Information supplied.
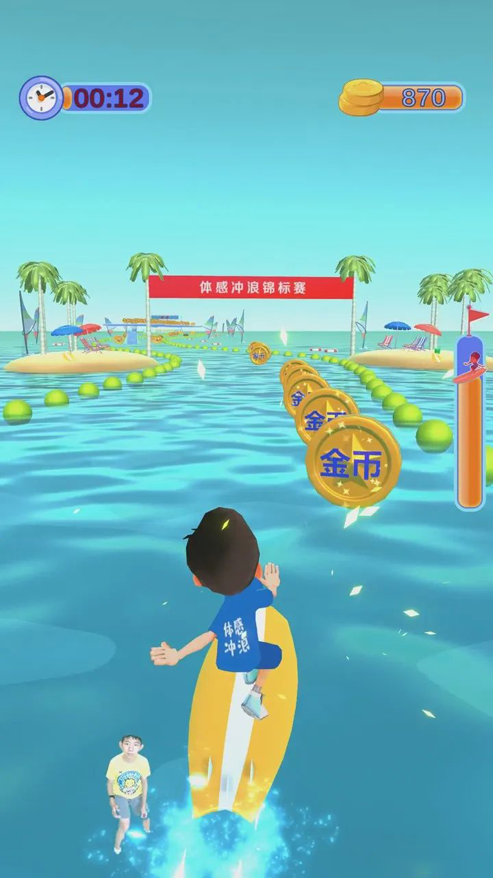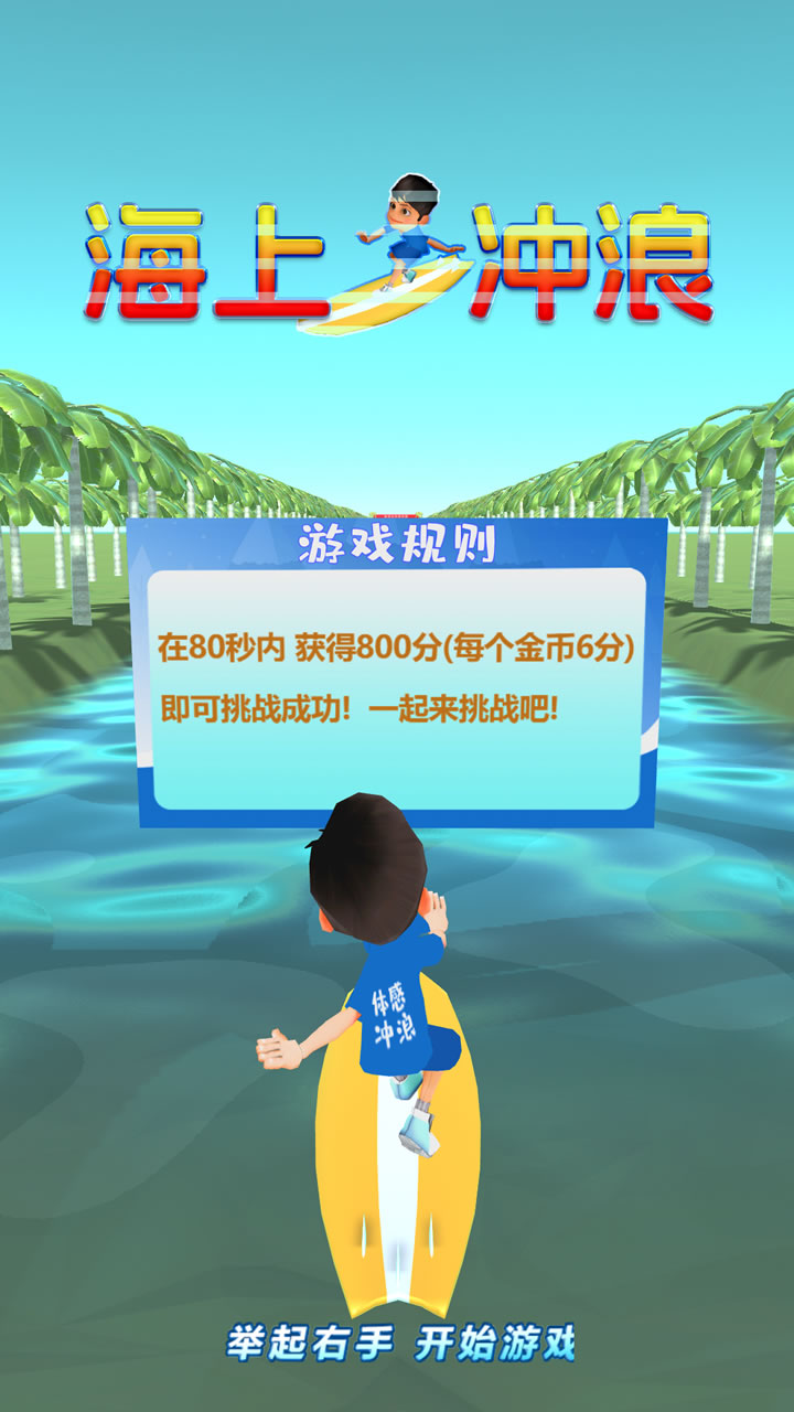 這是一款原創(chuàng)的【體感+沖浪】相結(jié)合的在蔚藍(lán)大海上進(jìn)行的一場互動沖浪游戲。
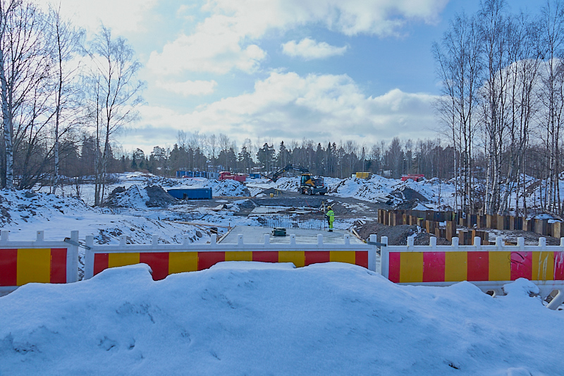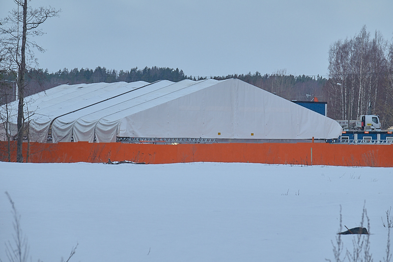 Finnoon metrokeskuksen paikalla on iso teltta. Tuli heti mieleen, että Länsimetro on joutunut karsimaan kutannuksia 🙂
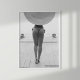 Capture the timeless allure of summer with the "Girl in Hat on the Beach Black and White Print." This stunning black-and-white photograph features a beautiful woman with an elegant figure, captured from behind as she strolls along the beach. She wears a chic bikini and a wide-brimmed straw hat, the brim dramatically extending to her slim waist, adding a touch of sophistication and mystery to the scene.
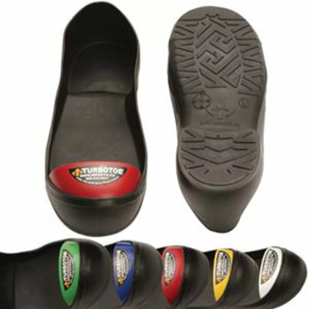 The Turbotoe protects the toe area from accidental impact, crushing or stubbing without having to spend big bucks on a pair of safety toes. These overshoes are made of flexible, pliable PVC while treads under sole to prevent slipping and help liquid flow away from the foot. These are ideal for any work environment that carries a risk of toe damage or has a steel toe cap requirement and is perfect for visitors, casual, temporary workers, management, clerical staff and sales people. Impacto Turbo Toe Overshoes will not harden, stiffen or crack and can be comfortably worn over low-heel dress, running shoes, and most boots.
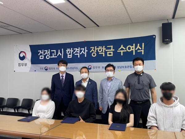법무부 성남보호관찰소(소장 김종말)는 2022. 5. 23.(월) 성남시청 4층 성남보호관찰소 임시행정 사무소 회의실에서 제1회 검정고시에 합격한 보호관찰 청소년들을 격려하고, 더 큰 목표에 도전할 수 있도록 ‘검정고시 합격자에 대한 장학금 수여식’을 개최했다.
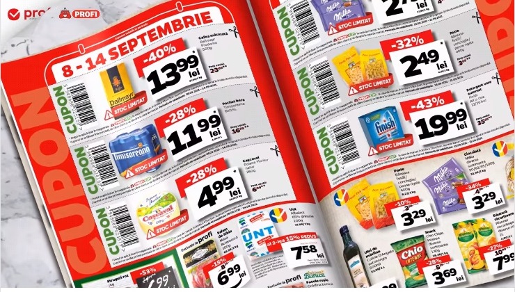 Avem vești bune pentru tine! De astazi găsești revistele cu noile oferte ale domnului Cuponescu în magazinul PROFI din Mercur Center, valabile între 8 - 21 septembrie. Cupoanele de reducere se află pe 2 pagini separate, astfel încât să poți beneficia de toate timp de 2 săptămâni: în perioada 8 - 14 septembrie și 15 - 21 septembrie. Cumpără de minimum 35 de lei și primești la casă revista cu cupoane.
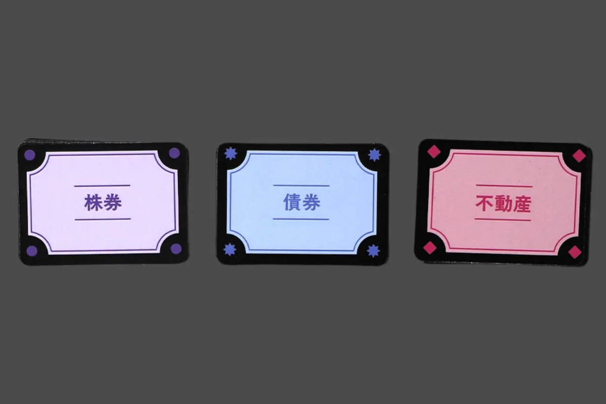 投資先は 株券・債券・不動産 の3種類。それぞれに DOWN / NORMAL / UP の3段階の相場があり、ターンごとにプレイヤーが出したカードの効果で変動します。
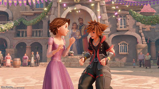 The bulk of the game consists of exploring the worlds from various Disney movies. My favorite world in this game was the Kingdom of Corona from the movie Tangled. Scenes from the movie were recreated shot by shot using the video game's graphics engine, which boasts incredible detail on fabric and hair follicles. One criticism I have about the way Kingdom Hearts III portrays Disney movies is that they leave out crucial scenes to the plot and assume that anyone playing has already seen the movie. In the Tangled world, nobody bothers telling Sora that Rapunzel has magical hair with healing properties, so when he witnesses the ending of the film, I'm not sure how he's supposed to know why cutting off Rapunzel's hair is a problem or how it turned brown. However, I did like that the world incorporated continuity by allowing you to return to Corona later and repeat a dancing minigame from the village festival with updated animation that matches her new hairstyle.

Required action.
Output must match the lines from the start of the records above through the line that contains "Capture the timeless", exactly and with every picture removed.

Your solution.
 這是一款原創(chuàng)的【體感+沖浪】相結(jié)合的在蔚藍(lán)大海上進(jìn)行的一場互動沖浪游戲。
 Finnoon metrokeskuksen paikalla on iso teltta. Tuli heti mieleen, että Länsimetro on joutunut karsimaan kutannuksia 🙂
 Capture the timeless allure of summer with the "Girl in Hat on the Beach Black and White Print." This stunning black-and-white photograph features a beautiful woman with an elegant figure, captured from behind as she strolls along the beach. She wears a chic bikini and a wide-brimmed straw hat, the brim dramatically extending to her slim waist, adding a touch of sophistication and mystery to the scene.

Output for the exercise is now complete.